Anyone ever tried running unRaid (via Boot Camp I guess?) on an Intel Mac Pro tower? Room for 6 drives in there and very quiet/solid.

Looking for advice before I try

Thanks

I haven't tried it but I'd worry about PSU failure as sourcing a replacement may prove difficult or expensive.

 

Sent via a phone. Sorry for any typos.

 

 

If it works, I doubt you'd need Boot Camp -- UnRAID boots to it's own OS, not to a Windows environment.

I do not, however, know if the Mac hardware (e.g. NIC and disk controller) is supported by UnRAID.

 

Simple enough to try ... just create the USB flash drive;  then boot to USB.

 

 

  • Author

Tried booting from a memory stick - but no joy - not even seen as startup potential.

Mac chasis does not have bios - it is EFI - so probably not surprising.

Boot camp allows bios type startup I think. Graphics cards are usually standard nVidia.

Not to sure about NIC/Disk Controller - but if I got that far I'd be very pleased!

 

PS - just had a horrible sinking feeling that all this is in the wrong forum - apologies!

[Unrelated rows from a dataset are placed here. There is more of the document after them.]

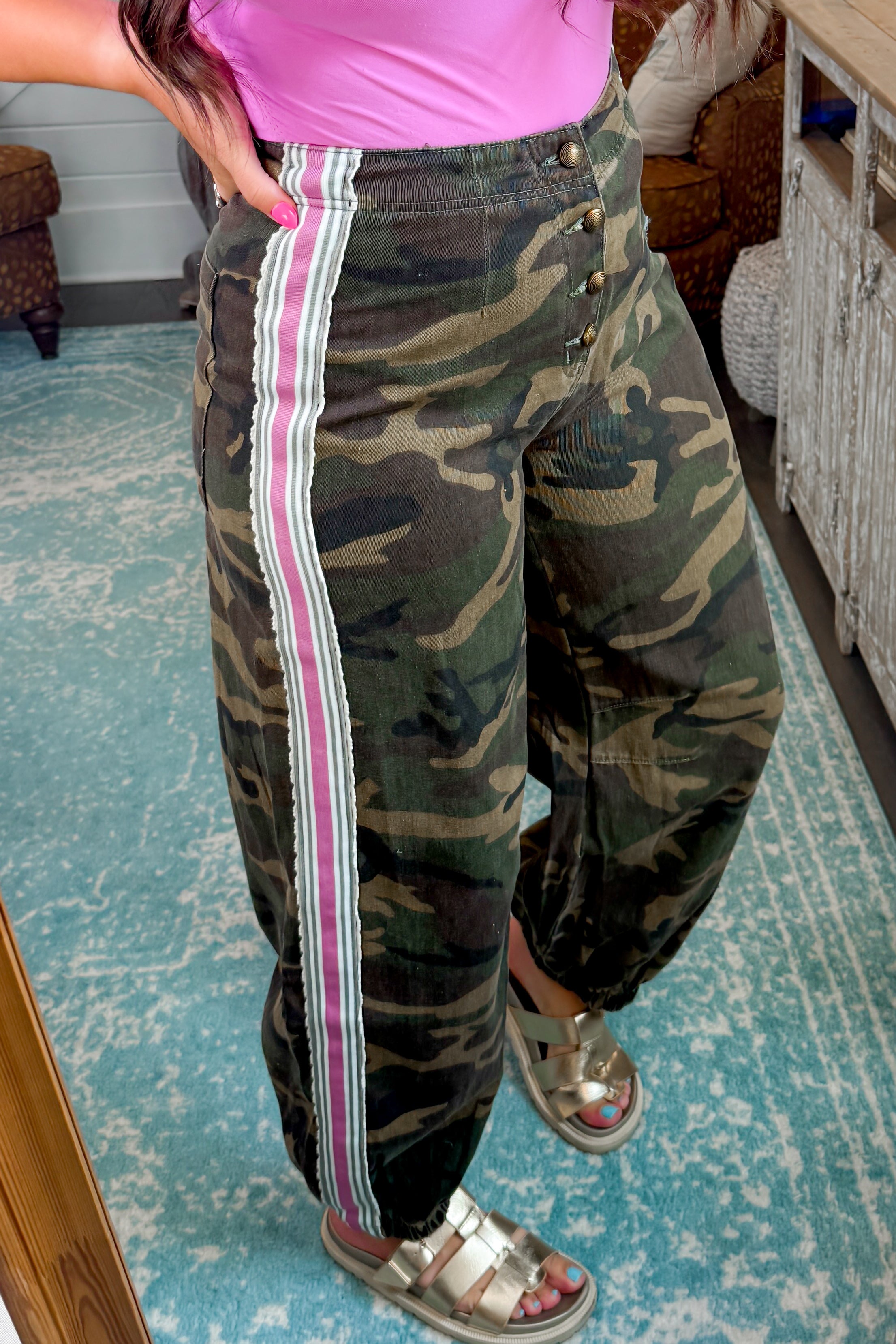 • These camo joggers are the perfect mix of edgy and fun with a pop of girly detail.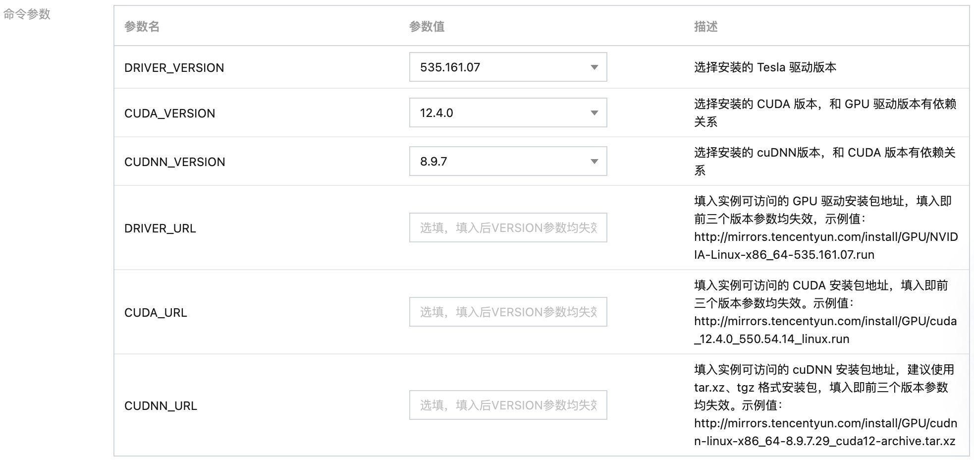 DRIVER_VERSION=CUDA_VERSION=CUDNN_VERSION=#确保实例可正常下载URL对应安装包DRIVER_URL=http://mirrors.tencentyun.com/install/GPU/NVIDIA-Linux-x86_64-535.161.07.runCUDA_URL=http://mirrors.tencentyun.com/install/GPU/cuda_12.4.0_550.54.14_linux.run#cuDNN建议使用tar.xz、tgz格式安装包CUDNN_URL=http://mirrors.tencentyun.com/install/GPU/cudnn-linux-x86_64-8.9.7.29_cuda12-archive.tar.xz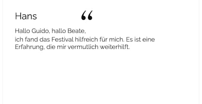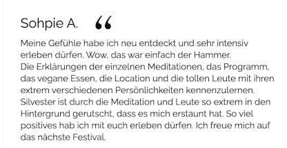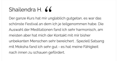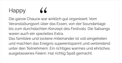 "Liebe Nanda, lieber Santosh, es war ein schönes Wochenende. Ich war begeistert und bin sicher, dass es auch für die Mutter/ Tochter Kombination Potential gibt, aber auch generell mit älteren Herrschaften." LG Sigi (War zusammen mit Tochter auf dem Festival)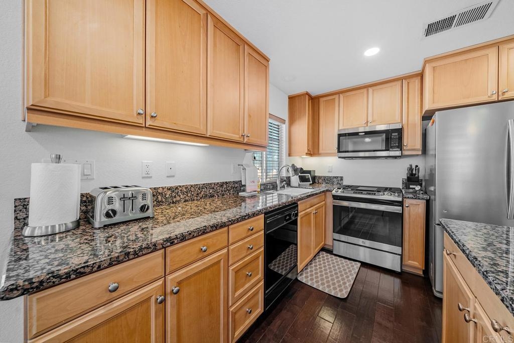 Welcome to this stunning 2-bedroom, 2-bathroom condo in the highly sought-after Monet Complex of Otay Ranch. As you approach the unit, you’ll immediately be welcomed by a serene private balcony, the perfect place to relax and soak in the peaceful surroundings. Step inside, go upstairs, and discover an open-concept layout that flows effortlessly between the living room, dining area, and kitchen. This spacious and inviting design creates the perfect backdrop for making memories and enjoying everyday life. The kitchen, with its stainless steel appliances and elegant granite countertops, inspires both creativity and comfort. There are two cozy bedrooms, including the primary suite, which offers an en-suite bathroom and a convenient closet. The entire condo has been freshly painted and re-carpeted, offering a clean, bright, and modern feel throughout, while the bathrooms feature beautiful tile flooring. This home goes beyond just comfort, with an attached 1-car garage, secure parking, and washer/dryer hook-ups for your convenience. Plus, with one additional permitted parking spot, you’ll always have the space you need. The HOA offers access to community parks, a sports court, and a refreshing pool, giving you the perfect spaces to unwind and enjoy life. Located near vibrant restaurants, shopping, schools, and with easy freeway access, this condo offers the ideal combination of tranquility and convenience. This is more than just a place to live; it’s a place to grow, connect, and truly feel at home. Don’t miss the opportunity to make this exceptional property your own and start the next chapter of your life

Only in the "wrong" forum in that I doubt there are many "Mac folks" here (I'm certainly not).

 

But it's the right place for UnRAID questions.

 

Since your system doesn't allow booting from a USB stick, I doubt you can run UnRAID at all.    But it certainly wouldn't hurt to try it using Boot Camp -- although if that virtualizes it, you'll almost certainly NOT be able to boot a useable version of UnRAID.  [Without hardware pass-through, performance will be very poor even if it boots).

 

I think it's a cool idea. It would be interesting to see this happen.

If there is a floppy drive you can use plop. If there is a CDROM you can possibly make an ISO Linux Boot CD.

I wouldn't worry about the power supply. I would use it till the machine died, then move the drives to a newer environment.

In order to allow booting from USB you need to install an EFI bootloader or EFI manager). rEFInd is just the ticket, or it's predecessor rEFIt. It will present you with a system picker when you reboot your Mac. I never had great luck getting it to run guest OSes (exception below) off of CD/DVD, and didn't try USB, however. YMMV. I do use it to boot between OS X (a couple of versions) and Windows (installed with Boot Camp), and it did work with Mint Linux 14.1 Live CD.